As virus cases swell to over 3,000 per day, former Coronavirus Committee chair says she sees no reason to impose nationwide closure

MK Yifat Shasha-Biton visits the coronavirus ward at Ziv Medical Center in the northern city of Safed on December 3, 2020. (David Cohen/Flash90)
MK Yifat Shasha-Biton visits the coronavirus ward at Ziv Medical Center in the northern city of Safed on December 3, 2020. (David Cohen/Flash90)

New Hope member Yifat Shasha-Biton, a fierce critic of the government’s coronavirus policy, on Saturday claimed the upcoming nationwide lockdown was unnecessary and “unequivocally political.”

Israel will impose a lockdown from Sunday evening for at least two weeks to stem the rise in coronavirus infections, which have climbed to over 3,000 per day.

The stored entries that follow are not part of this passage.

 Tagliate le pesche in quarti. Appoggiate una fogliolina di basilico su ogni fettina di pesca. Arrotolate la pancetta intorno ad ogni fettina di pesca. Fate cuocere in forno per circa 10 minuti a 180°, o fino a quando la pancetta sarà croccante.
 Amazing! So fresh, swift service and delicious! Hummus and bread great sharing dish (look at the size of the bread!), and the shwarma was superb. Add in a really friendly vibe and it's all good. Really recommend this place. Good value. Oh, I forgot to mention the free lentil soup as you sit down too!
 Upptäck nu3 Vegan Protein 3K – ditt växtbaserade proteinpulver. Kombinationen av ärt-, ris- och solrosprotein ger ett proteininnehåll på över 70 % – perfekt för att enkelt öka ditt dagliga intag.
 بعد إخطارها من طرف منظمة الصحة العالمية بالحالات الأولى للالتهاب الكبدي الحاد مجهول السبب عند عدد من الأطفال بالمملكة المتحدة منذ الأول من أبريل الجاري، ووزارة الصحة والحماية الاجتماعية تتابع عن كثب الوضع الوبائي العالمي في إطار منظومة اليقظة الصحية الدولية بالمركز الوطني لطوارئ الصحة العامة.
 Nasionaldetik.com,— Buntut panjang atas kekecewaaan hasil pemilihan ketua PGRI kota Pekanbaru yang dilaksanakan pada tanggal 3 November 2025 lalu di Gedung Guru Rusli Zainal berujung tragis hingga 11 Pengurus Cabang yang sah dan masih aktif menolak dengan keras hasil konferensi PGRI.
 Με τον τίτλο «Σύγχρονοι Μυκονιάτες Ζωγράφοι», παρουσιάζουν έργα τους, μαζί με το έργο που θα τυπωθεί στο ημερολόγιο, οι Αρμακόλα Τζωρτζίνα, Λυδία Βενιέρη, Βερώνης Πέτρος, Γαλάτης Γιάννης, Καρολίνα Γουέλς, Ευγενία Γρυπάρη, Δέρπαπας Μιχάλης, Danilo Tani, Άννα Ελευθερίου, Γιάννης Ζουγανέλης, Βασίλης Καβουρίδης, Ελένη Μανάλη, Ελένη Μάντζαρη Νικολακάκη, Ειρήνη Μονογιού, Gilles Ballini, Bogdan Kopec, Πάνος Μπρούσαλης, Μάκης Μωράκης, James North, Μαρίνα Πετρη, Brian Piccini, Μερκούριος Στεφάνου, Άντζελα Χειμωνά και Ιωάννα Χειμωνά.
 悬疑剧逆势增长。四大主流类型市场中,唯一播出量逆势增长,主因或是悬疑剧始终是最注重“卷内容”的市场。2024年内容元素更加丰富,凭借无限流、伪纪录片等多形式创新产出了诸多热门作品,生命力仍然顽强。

Shasha-Biton, a former Likud member who defected to Gideon Sa’ar’s new right-wing party two weeks ago, was asked in an interview with Channel 12 on Saturday if the lockdown is necessary.

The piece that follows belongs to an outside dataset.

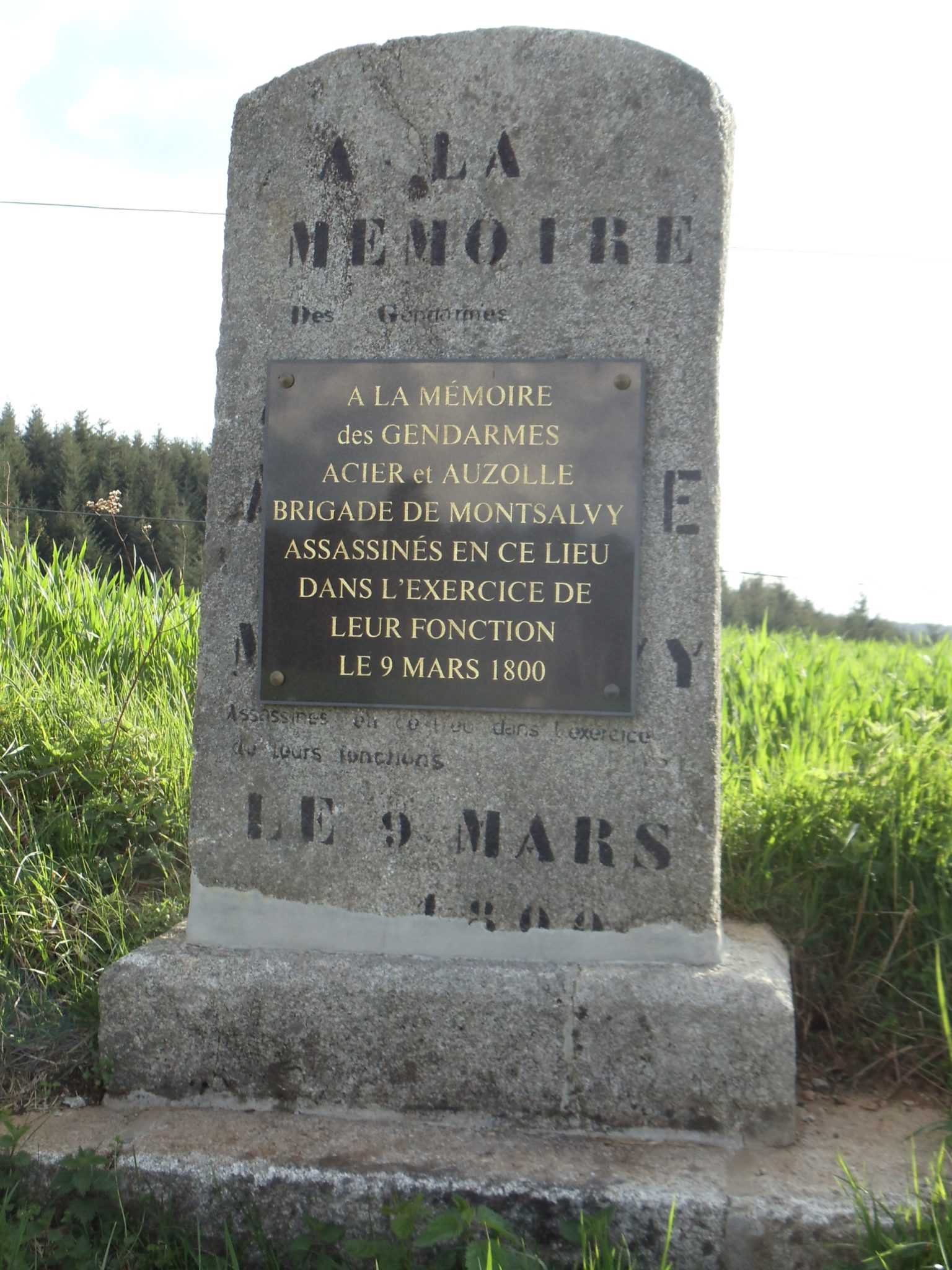 En revenant de Montsalvy, si nous prenons l’ancienne route nationale pour nous rendre à Polvrières, nous empruntons un petit chemin sur lequel se trouve à une centaine de mètre une stèle qui a été placée là en 1939 à la mémoire de deux gendarmes « ACIER et AUZOLLE » assassinés en ce lieu le 9 mars 1800.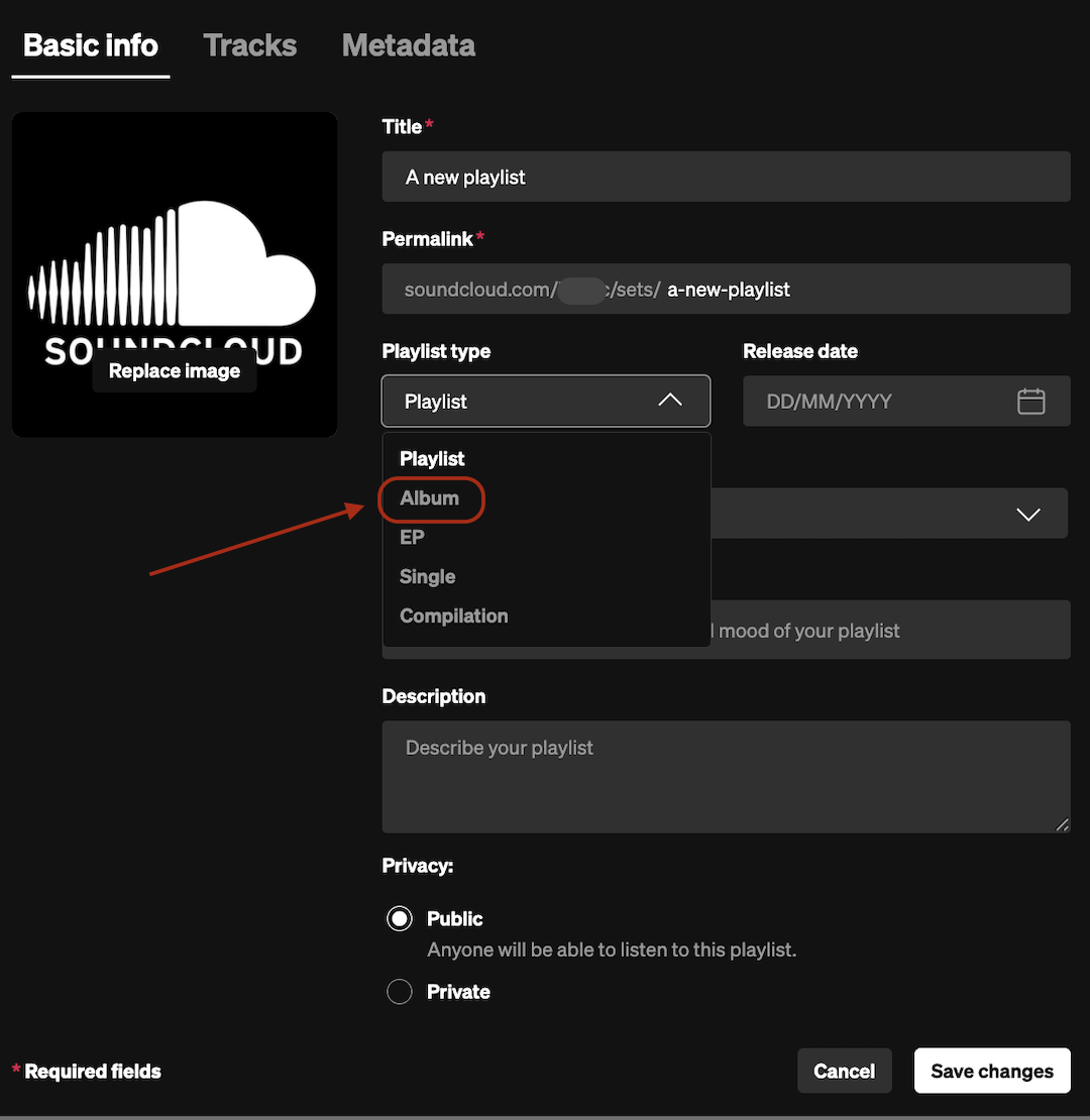 Wenn Sie mehrere Tracks hochladen, wird standardmäßig ein Album erstellt. Sie können es später in eine EP oder eine Playlist umwandeln.

“The answer is no, absolutely not. This lockdown is unequivocally political. I can’t find a single reason why we are heading into another lockdown when we haven’t even lifted the second lockdown,” she said.

Israel’s two previous lockdowns, in April and September, succeeded in bringing down infection numbers, but morbidity ballooned again as the closures were rolled back.

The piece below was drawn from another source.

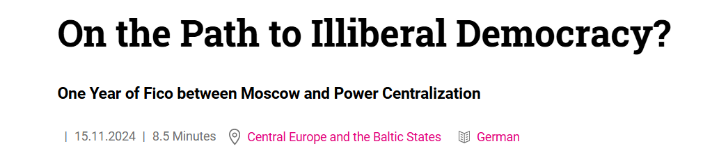 Following the snap parliamentary elections in September 2023, Robert Fico, the leader of the social-democratic, yet now strongly populist party SMER-SD (Direction Social Democracy), was appointed as prime minister for the fourth time (with interruptions). The ruling coalition consists of SMER-SD, HLAS-SD (Voice Social Democracy, the party of the current president Peter Pellegrini), and the SNS (Slovak National Party), which holds positions ranging from right-wing populist to far-right. Since his return, Slovak politics has been marked by dynamic yet polarizing developments, evoking associations for many observers with the pathways to illiberal democracy seen in Poland and Hungary though the speed and radicalism of reforms in Slovakia are unprecedented. Fico's increasingly authoritarian style of governance is particularly evident in his control over central institutions and a foreign policy heavily aligned with Russia and China, which has raised security concerns within the EU.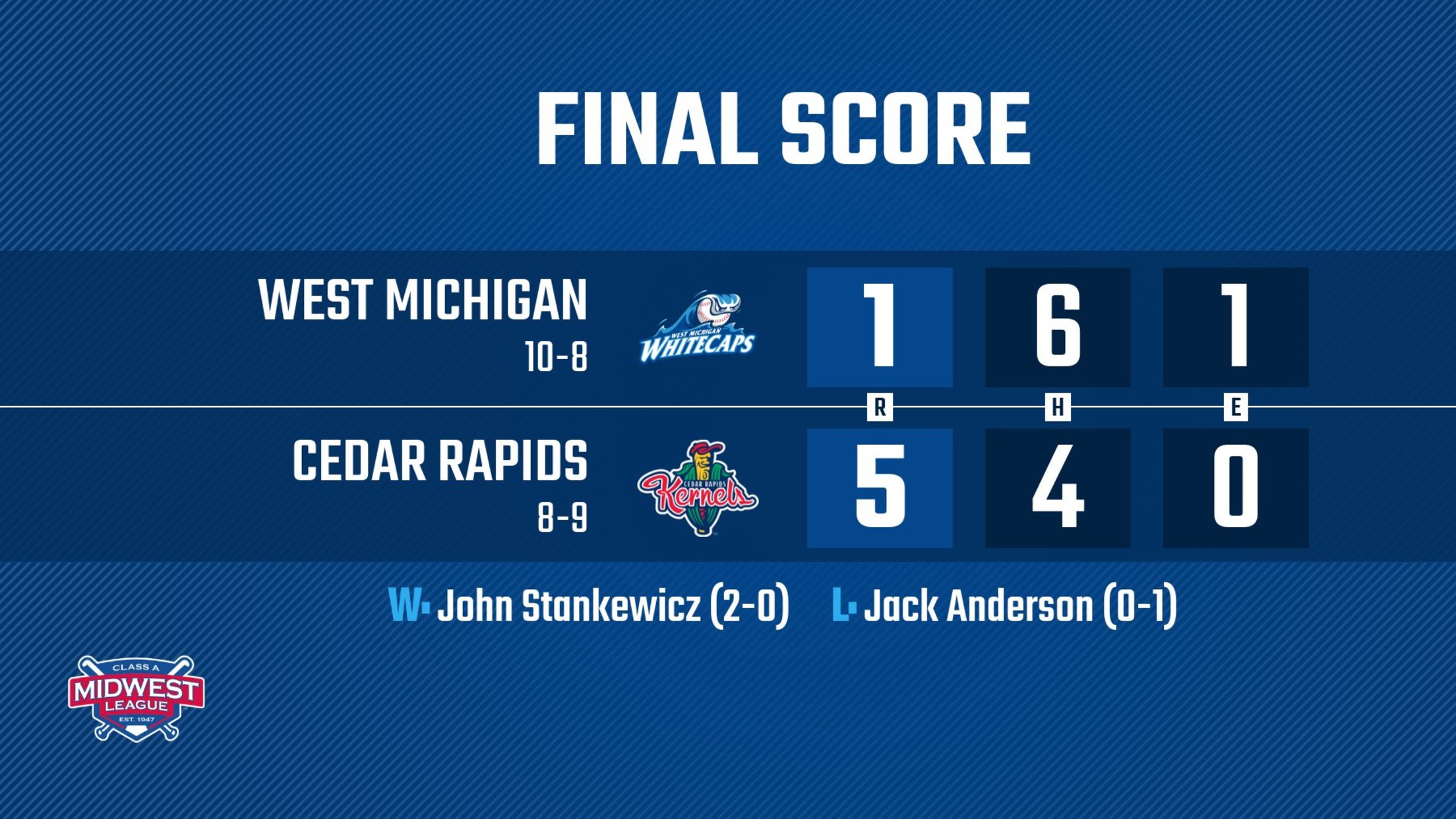 CEDAR RAPIDS, IA - The West Michigan Whitecaps dropped their third game in their last four contests, taking a 5-1 loss to the Cedar Rapids Kernels on Thursday night at Perfect Game Field.

Health care workers take coronavirus test samples of Israelis in Modi’in, December 24, 2020 (Yossi Aloni/Flash90)

“In other countries they handled it differently, and in the period between lockdowns they allowed for some sort of normal life, and cultural venues were reopened. There is no logical reason why the cultural world has remained closed for so many months,” she said.

Following the formation of a new government in May, Shasha-Biton was named chairwoman of the Knesset’s Coronavirus Committee, where she earned popular acclaim for overturning and criticizing a number of the government’s coronavirus restrictions. Her decision to buck the prime minister also raised hackles from Prime Minister Benjamin Netanyahu and his allies, who later stripped the committee of its power to overturn government rules.

Earlier this month, Shasha-Biton joined Netanyahu’s rival Gideon Sa’ar’s party ahead of the March elections, the fourth national vote in two years. Polls have indicated the new right-wing list could become the second-largest, after Likud.

An Israeli man receives a COVID-19 vaccine at a Maccabi Healthcare Services vaccination center in Tel Aviv on December 22, 2020. (Miriam Alster/Flash90)

Israel currently has over 35,000 active coronavirus cases, of whom 584 are in serious condition. On Friday, 3,995 new cases were diagnosed, and 4.7% of tests returned positive, according to the Health Ministry.

To reduce the virus cases even as it ramps up its vaccination drive, the government last week approved another lockdown.

From Sunday at 5 p.m., lockdown rules will bar Israelis from entering another person’s home; restrict movement to 1 kilometer from home, with exceptions, such as for vaccinations; shut down commerce, leisure and entertainment (except for essentials); limit public transportation to 50% capacity; and limit workplaces that do not deal with customers face-to-face to 50% capacity.

Fines for those breaking rules stand at NIS 500 ($155).

Kindergartens and school grades 1-4 and 11-12 will study as usual during the lockdown, while grades 5-10 will study remotely.

Health officials have expressed optimism that the latest closure will be the nation’s last as it steps up its vaccination drive.

Netanyahu said Saturday he sought to reach a vaccination rate of around 150,000 people a day within a week, and to have inoculated over 2 million Israelis by the end of January. Though the Health Ministry had yet to issue updated figures after Shabbat, Channel 12 News reported that some 266,000 people had gotten the first of two shots by the end of the first week of Israel’s vaccination push.